La deuxième partie du livre s’attaque au processus de radicalisation, au départ de l’histoire de David, un jeune homme attiré par la propagande de l’Etat islamique. C’est l’histoire ordinaire d’un garçon aimé par ses parents, fort en sports, courtisé par les filles… Jusqu’à ce qu’à 17 ans, son comportement change, il se pose des questions sur la religion, laisse tout tomber et parte finalement pour la Syrie, avant d’être rattrapé à temps. « Le récit de David est celui d’une jeune qui a pu être sauvé, écrivent les auteurs. Pour beaucoup d’autres jeunes, il est trop tard. Cela démontre que l’on a besoin d’un accompagnement pour ces gens. Besoin d’un cadre. D’une approche intégrée. »

Parmi les solutions proposées: la formation des enseignants à la détection des indices de radicalisation ou le financement de la Cybercrim unit de la police pour mener un travail plus important sur les réseaux. Face aux déviances de l’Islam radical, le député plaide encore pour une stricte neutralité à l’école, le refus absolu du port des signes religieux ou la tolérance zéro à l’encontre le la charia comme source de droit.

Dans Ontwapend, Koen Metsu lance un vibrant plaidoyer pour une fermeté sans failles contre les sources de la terreur, il demande que la Belgique soutienne toutes les initiatives pour vaincre les terroristes en Afrique, où ils resurgissent, notamment. Puis, il entre dans le « cockpit » de nos institutions de Sûreté et dénonce un « compromis à la belge » – forcément peu enviable pour un nationaliste flamand.

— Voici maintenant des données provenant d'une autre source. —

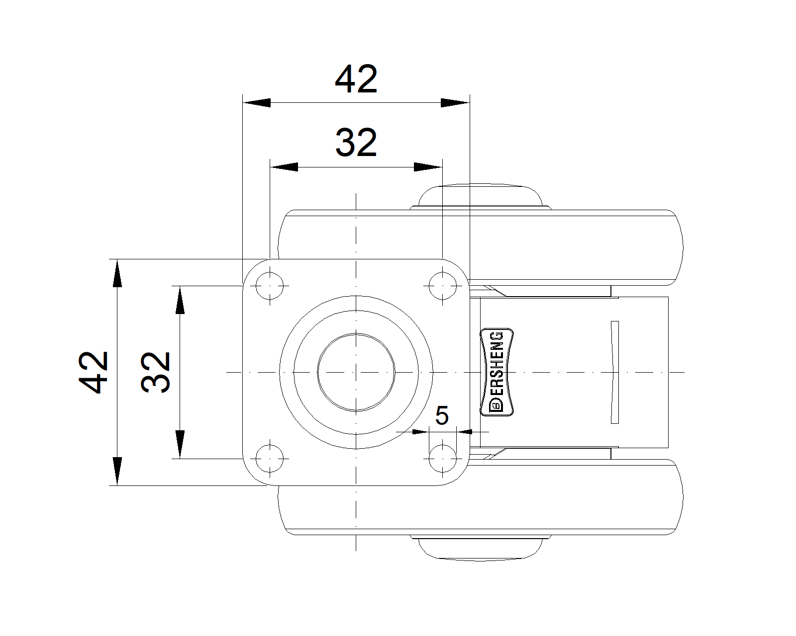 Rigid Casters, 32x32 angled hole Top Plate
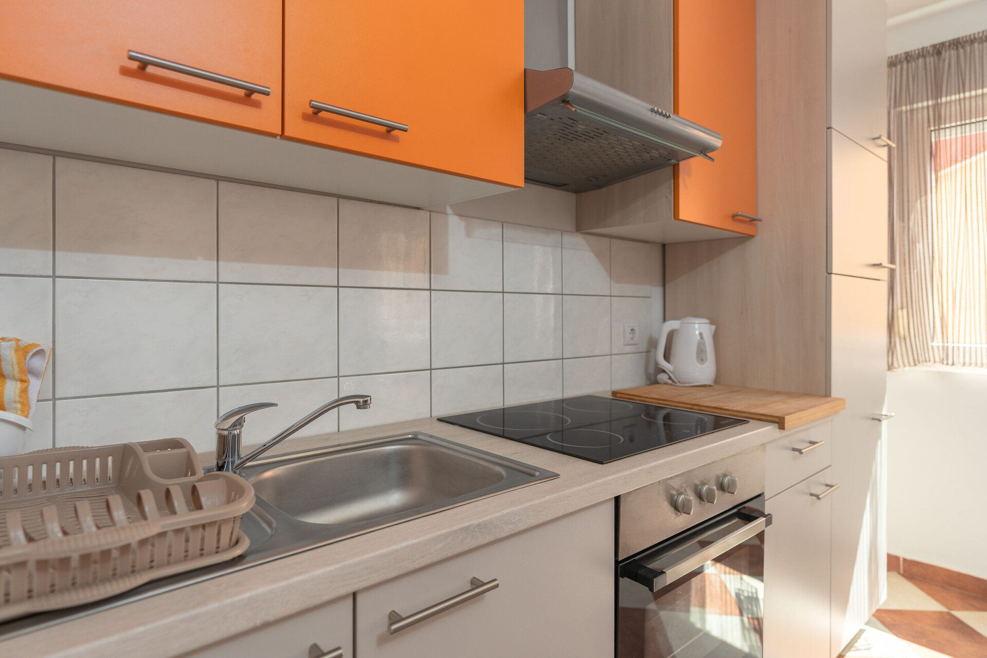• stůl a židle, dřez, trouba, lednička, mražák, toaster, sporák varná deska.
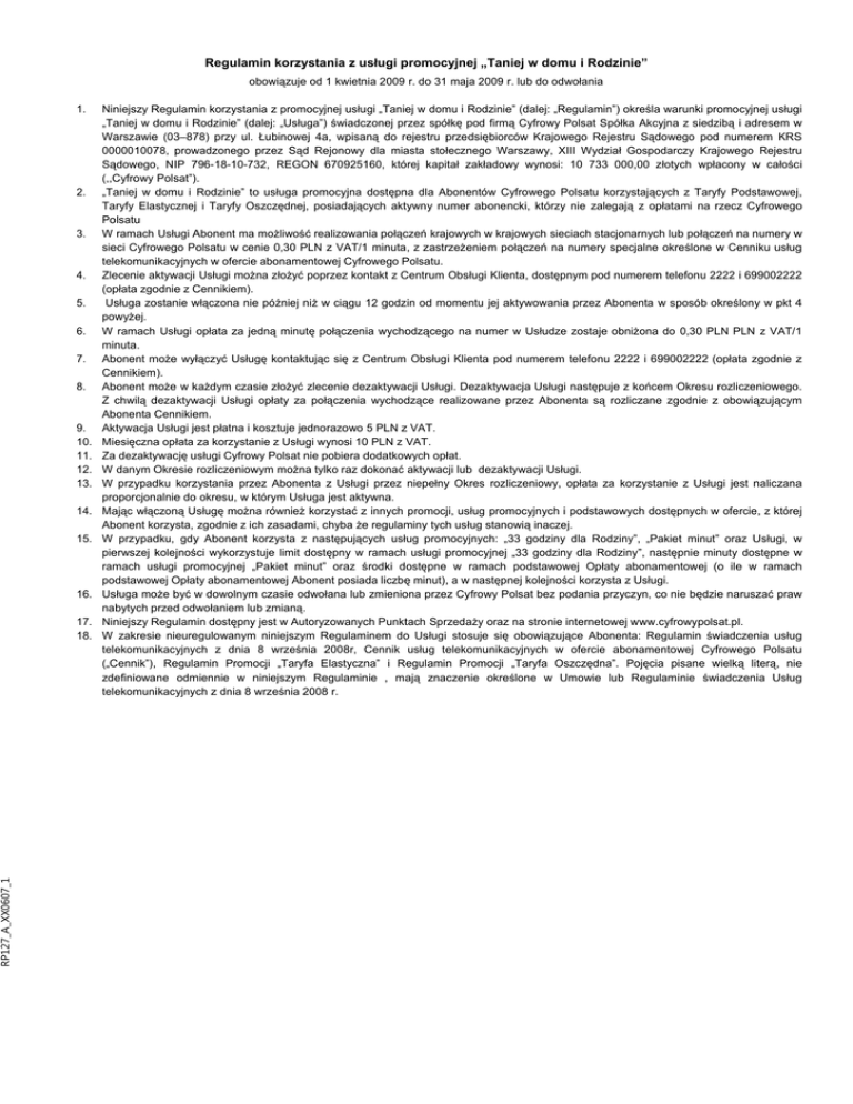 RP127_A_XX0607_1 Regulamin korzystania z usługi promocyjnej „Taniej w domu i Rodzinie” obowiązuje od 1 kwietnia 2009 r. do 31 maja 2009 r. lub do odwołania 1. 2. 3. 4. 5. 6. 7. 8. 9. 10. 11. 12. 13. 14. 15. 16. 17. 18. Niniejszy Regulamin korzystania z promocyjnej usługi „Taniej w domu i Rodzinie” (dalej: „Regulamin”) określa warunki promocyjnej usługi „Taniej w domu i Rodzinie” (dalej: „Usługa”) świadczonej przez spółkę pod firmą Cyfrowy Polsat Spółka Akcyjna z siedzibą i adresem w Warszawie (03–878) przy ul. Łubinowej 4a, wpisaną do rejestru przedsiębiorców Krajowego Rejestru Sądowego pod numerem KRS 0000010078, prowadzonego przez Sąd Rejonowy dla miasta stołecznego Warszawy, XIII Wydział Gospodarczy Krajowego Rejestru Sądowego, NIP 796-18-10-732, REGON 670925160, której kapitał zakładowy wynosi: 10 733 000,00 złotych wpłacony w całości (,,Cyfrowy Polsat”). „Taniej w domu i Rodzinie” to usługa promocyjna dostępna dla Abonentów Cyfrowego Polsatu korzystających z Taryfy Podstawowej, Taryfy Elastycznej i Taryfy Oszczędnej, posiadających aktywny numer abonencki, którzy nie zalegają z opłatami na rzecz Cyfrowego Polsatu W ramach Usługi Abonent ma możliwość realizowania połączeń krajowych w krajowych sieciach stacjonarnych lub połączeń na numery w sieci Cyfrowego Polsatu w cenie 0,30 PLN z VAT/1 minuta, z zastrzeżeniem połączeń na numery specjalne określone w Cenniku usług telekomunikacyjnych w ofercie abonamentowej Cyfrowego Polsatu. Zlecenie aktywacji Usługi można złożyć poprzez kontakt z Centrum Obsługi Klienta, dostępnym pod numerem telefonu 2222 i 699002222 (opłata zgodnie z Cennikiem). Usługa zostanie włączona nie później niż w ciągu 12 godzin od momentu jej aktywowania przez Abonenta w sposób określony w pkt 4 powyżej. W ramach Usługi opłata za jedną minutę połączenia wychodzącego na numer w Usłudze zostaje obniżona do 0,30 PLN PLN z VAT/1 minuta. Abonent może wyłączyć Usługę kontaktując się z Centrum Obsługi Klienta pod numerem telefonu 2222 i 699002222 (opłata zgodnie z Cennikiem). Abonent może w każdym czasie złożyć zlecenie dezaktywacji Usługi. Dezaktywacja Usługi następuje z końcem Okresu rozliczeniowego. Z chwilą dezaktywacji Usługi opłaty za połączenia wychodzące realizowane przez Abonenta są rozliczane zgodnie z obowiązującym Abonenta Cennikiem. Aktywacja Usługi jest płatna i kosztuje jednorazowo 5 PLN z VAT. Miesięczna opłata za korzystanie z Usługi wynosi 10 PLN z VAT. Za dezaktywację usługi Cyfrowy Polsat nie pobiera dodatkowych opłat. W danym Okresie rozliczeniowym można tylko raz dokonać aktywacji lub dezaktywacji Usługi. W przypadku korzystania przez Abonenta z Usługi przez niepełny Okres rozliczeniowy, opłata za korzystanie z Usługi jest naliczana proporcjonalnie do okresu, w którym Usługa jest aktywna. Mając włączoną Usługę można również korzystać z innych promocji, usług promocyjnych i podstawowych dostępnych w ofercie, z której Abonent korzysta, zgodnie z ich zasadami, chyba że regulaminy tych usług stanowią inaczej. W przypadku, gdy Abonent korzysta z następujących usług promocyjnych: „33 godziny dla Rodziny”, „Pakiet minut” oraz Usługi, w pierwszej kolejności wykorzystuje limit dostępny w ramach usługi promocyjnej „33 godziny dla Rodziny”, następnie minuty dostępne w ramach usługi promocyjnej „Pakiet minut” oraz środki dostępne w ramach podstawowej Opłaty abonamentowej (o ile w ramach podstawowej Opłaty abonamentowej Abonent posiada liczbę minut), a w następnej kolejności korzysta z Usługi. Usługa może być w dowolnym czasie odwołana lub zmieniona przez Cyfrowy Polsat bez podania przyczyn, co nie będzie naruszać praw nabytych przed odwołaniem lub zmianą. Niniejszy Regulamin dostępny jest w Autoryzowanych Punktach Sprzedaży oraz na stronie internetowej www.cyfrowypolsat.pl. W zakresie nieuregulowanym niniejszym Regulaminem do Usługi stosuje się obowiązujące Abonenta: Regulamin świadczenia usług telekomunikacyjnych z dnia 8 września 2008r, Cennik usług telekomunikacyjnych w ofercie abonamentowej Cyfrowego Polsatu („Cennik”), Regulamin Promocji „Taryfa Elastyczna” i Regulamin Promocji „Taryfa Oszczędna”. Pojęcia pisane wielką literą, nie zdefiniowane odmiennie w niniejszym Regulaminie , mają znaczenie określone w Umowie lub Regulaminie świadczenia Usług telekomunikacyjnych z dnia 8 września 2008 r.
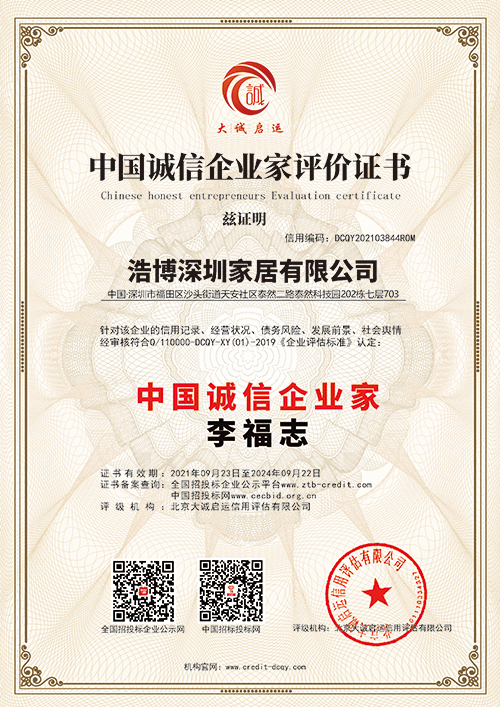 浩博沙發是三體系認證家具企業,同時獲得多項行業科學技術突出貢獻獎,申請產品**幾十項
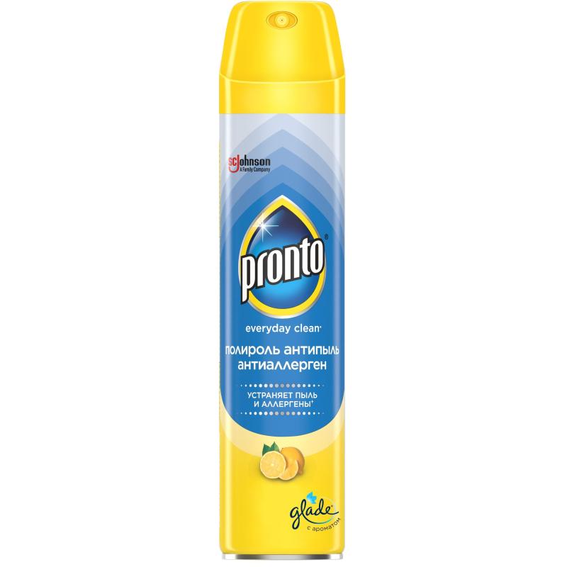 Полироль для мебели Pronto Антипыль и Антиаллерген, 250 мл Назначение: Средство для ухода за мебелью и прочими поверхностями. Удаляет пыль и аллергены, содержащиеся в пыли, с твердых поверхностей. Подходит для очищения деревянных, ламинированных, пластиковых, акриловых поверхностей, искусственного камня, мрамора и гладкой кожи. НЕ рекомендуется для очищения стекол и зеркал. НЕ использовать для полов и изделий из необработанного дерева. Способ применения: Хорошо встряхните перед использованием, держа баллон вертикально, распылите на поверхность с расстояния 15-20 см, протрите сухой чистой салфеткой. При очистке небольших поверхностей распылите средство на салфетку и протрите как обычно. Деревянные поверхности протирайте по направлению рисунка дерева. Перед применением протестируйте на незаметном участке. Меры предосторожности: Использовать только по назначению согласно инструкции. Не разбирать и не давать детям! Беречь от источников тепла, искр, открытого огня и других источников воспламенения. Не курить. Не распылять вблизи открытого огня или других источников воспламенения. Не нарушать целостности упаковки и не сжигать, даже после использования. Использовать только в хорошо проветриваемых помещениях. Не допускать попадания в глаза. После работы тщательно вымыть руки. При попадании в глаза: осторожно промыть глаза водой в течение нескольких минут. Снять контактные линзы, если Вы ими пользуетесь и если это легко сделать. Продолжить промывание глаз. Если раздражение глаз не проходит, обратиться за медицинской помощью. Избегать попадания в окружающую среду. Состав: Вода, ? 30 %: пропеллент (изобутан, пропан, бутан), ? 5 % но < 15 %: алифатические углеводороды, < 5 %: силиконовое масло, н-ПАВ, отдушка (цитронеллол, d-лимонен, гексилциннамаль, линалоол)xx, консервант. xx Потенциальные аллергены. Не содержит озоноразрушающих хладонов. Условия хранения: Хранить в сухом, недоступном для детей и домашних животных месте, при температуре от 0 до +35°C отдельно от пищевых продуктов. Беречь от солнечных лучей, избегать нагревания более 50°C. Срок годности: 2 года (с даты производства)
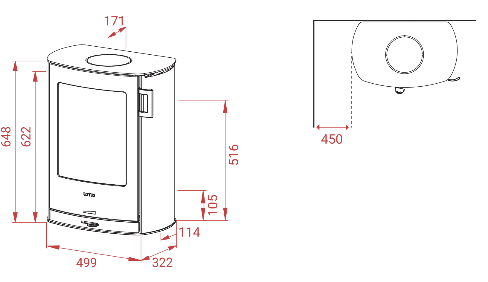 Væghængt brændeovn |
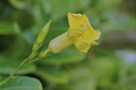 Orange trumpet vine flower or trumpet vine, Flame vine, Yellow trumpet vine, Yellow trumpet vine, Yellow trumpet vine
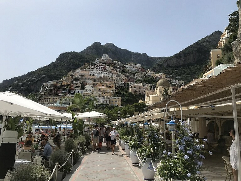 Riusciamo a fermarci almeno a Positano, che però in estate non è affatto come in altri periodi più tranquilli dell’anno: così caotica e strapiena di turisti, ombrelloni, bancarelle, musica, rumori ed imbarcazioni di ogni tipo, sembra ancora più piccola, anche se incantevole.
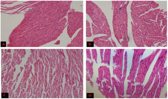 Histopathology of heart sections of mice. Representative sections from mice hearts from C-ND (A), HFD-DG (B), HFD-O (C), and HFD-BG (D).
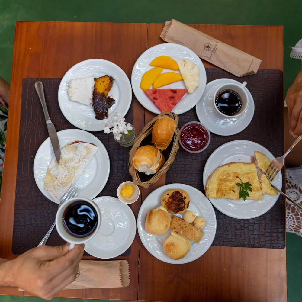 Oferecemos saborosas e inesquecíveis experiências em seu café da manhã aqui na Pousada Canto do Sol. Nossa alimentação é variada e de primeira qualidade com alimentos selecionados semanalmente com muito carinho.
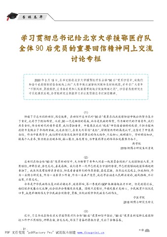 2020 年 3 月 15 日袁总书记给在北京大学援鄂医疗队全体野90 后冶党员回信中袁向他们
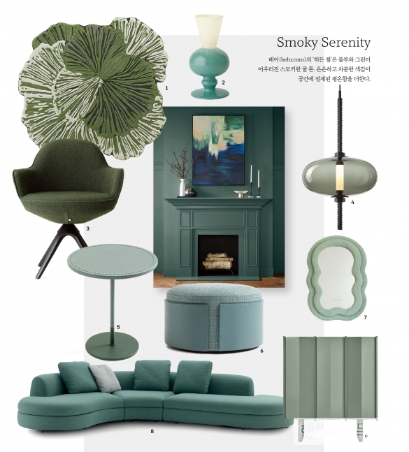 9 부드러운 세이지 그린 컬러가 공간에 은은한 깊이를 더하는 디에드로Diedro 수납장은 갈로티&라디체 제품으로 인피니(02-3447-6000).
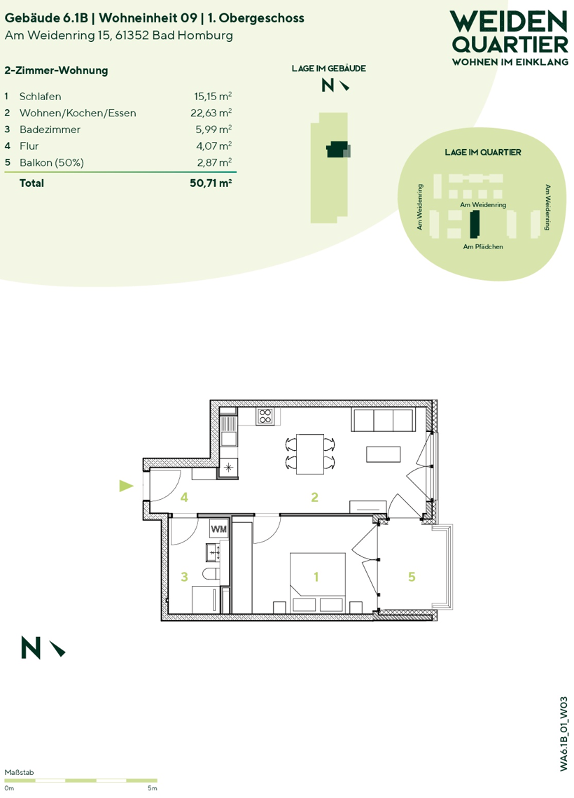 Die kompakte 2-Zimmer-Wohnung verfügt über ein Schlafzimmer sowie einen gemütlichen Wohn- und Essbereich mit einer L-förmigen Küche (inkl. Einbauküche). Über den Wohn- und Schlafbereich gelangt man zum Balkon. Das Duschbad ist mit einem Waschmaschinenanschluss ausgestattet.
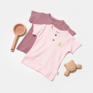 Set 2 tricouri Bamboo,roz, BabyCosy, 50% bumbac+50mbus (Marime: 12-18 Luni)
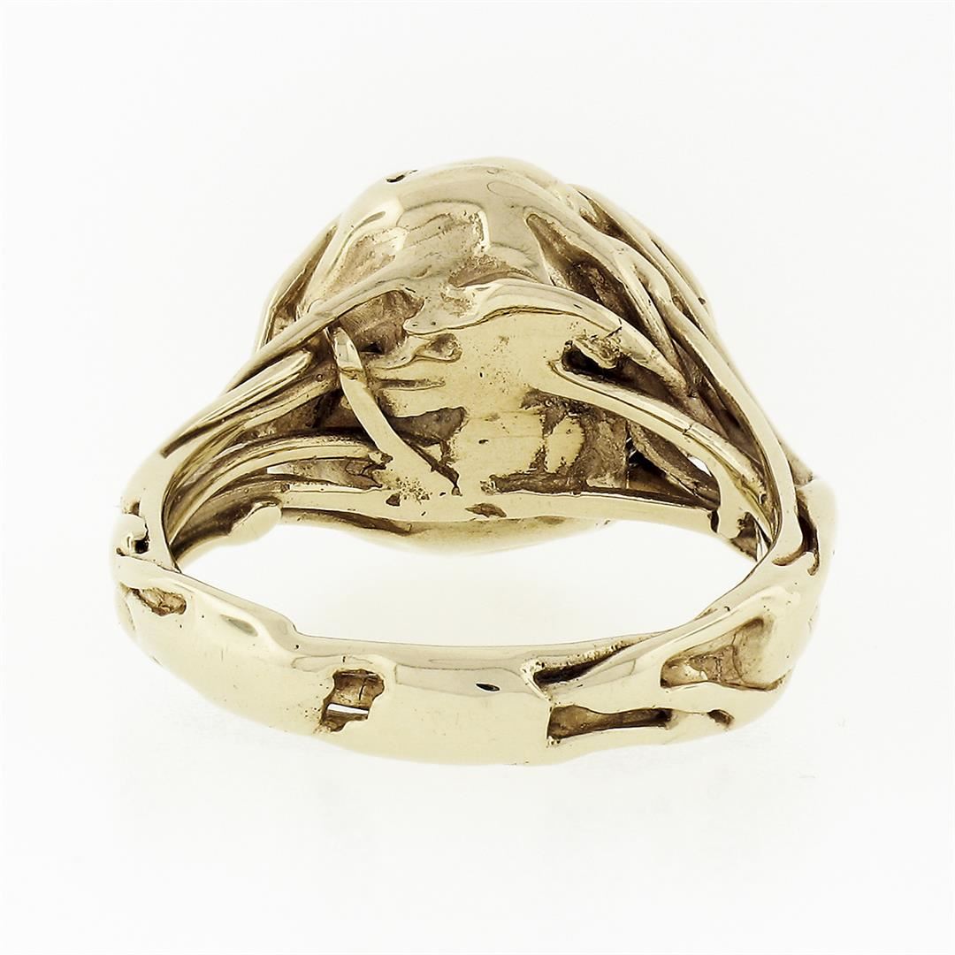 A vintage solid 14k yellow gold free from ring, with 1 semi oval cabochon cut natural amber (10.6x9.3mm). The ring is size 6.0, weighs a total of 6.38 grams, and measures 13.7mm wide.

Pour autant, ses pistes s’inscrivent davantage dans la continuité du gouvernement Michel que dans un grand soir à la sauce extrémiste.

« Cela va lentement pour changer véritablement les choses dans un pays comme la Belgique, lit-on dans la conclusion. Notre pays est particulièrement complexe et notre système politique n’est pas le plus simple. Pourtant, nous devons continuer à croire en lui. Oui, la démocratie est parfois moins rapide. Mais pour citer Winston Chruchill: c’est le moins mauvais des systèmes parmi ceux que nous avons déjà utilisés. Nous devons choyer notre modèle de société. »

Dans sa position de combat comme dans sa modération, ce livre est une piqûre de rappel alors que la Covid camoufle bien des débats.